Ultimately there's the money lending. I 'use' lending loosely. Lending is something libraries do, with the expectation they'll be getting their books back. What parents of teenagers do is more akin to what Jesse James did to banks and trains. "Hey dad, how's about spotting me a Hamilton?" really translates to: "If you don't loan me twenty dollars, I'll park in front of your spot in the garage so you can't get out, invite Smelly Melly over for dinner every night this week, grow my hair over my eyes, turn my amp up two numbers when I'm 'practicing', and mess with the internet so only those of us under 25 will know how to get online." Here, take the twenty and leave everything else alone, for God's sake!
I know all this sounds like a lot of gloom and doom. But please remember that all of that just concerns raising teenagers. That stuff happens all over the country, every day of the year. Poor parents are succumbing to the onslaught of teenage-dom even as I write! So what's the answer? How do you SURVIVE teenagehood?
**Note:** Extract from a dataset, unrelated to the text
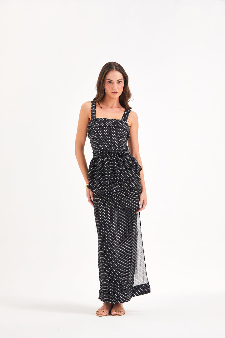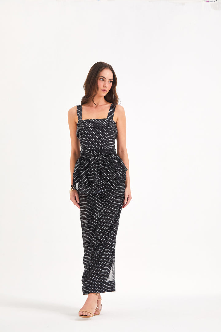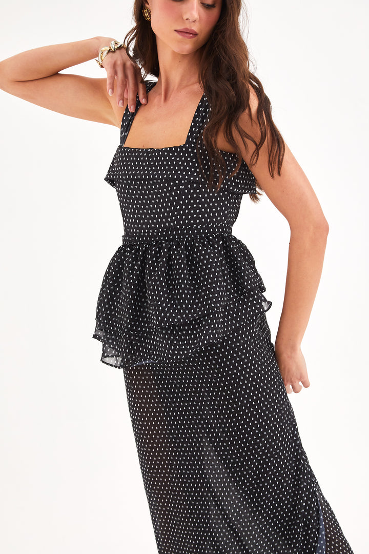 Composição: Tecido em crepe fluído toque de seda em estampa exclusiva Gotas Black, 100% poliéster.

Easy. The answer is FOOD MAINTENANCE. Yes, you'll have to spend most of your second mortgage on frozen and carbonated food and drink items. That's been clearly delineated earlier. But I'm not talking about food maintenance for your teenagers. The secret to surviving life with your teenagers is taking control of your own food maintenance. I have discovered the secret, the Fountain of Eternal Parental Happiness. YOU MUST CHOOSE FOODS TO EAT THAT YOU AND ONLY YOU COULD EVER POSSIBLY ENJOY! Stop buying Frosted Flakes and expecting to ever eat a bowl of them. Think 'BRAN'. Teenagers are allergic to it; and with enough sugar (that you'll have to hide in your sock drawer) even bran is edible. I hope you've given up your youthful desires for pizzas containing typical pizza toppings like pepperoni, sausage, and extra cheese. Those delicacies will never make it past the gluttonous, ever-chomping jowels of your 14 year old. Choose instead those toppings despised by anyone under middle age, or perhaps vegans: artichokes, capers, leeks, and goat cheese. With enough practice and Beano, you'll learn to love those toppings that you once thought inedible. And finally, forget about ever making it to the fridge and finding a Hunt's Snack Pack of chocolate pudding for yourself. Tapioca is the key! Those little pearls of adult goodness send teenagers running for the Quick Trip.
So, hold your heads high, parents of teenagers. The secret is revealed: Dogs love it! They'll eat anything. And so can you.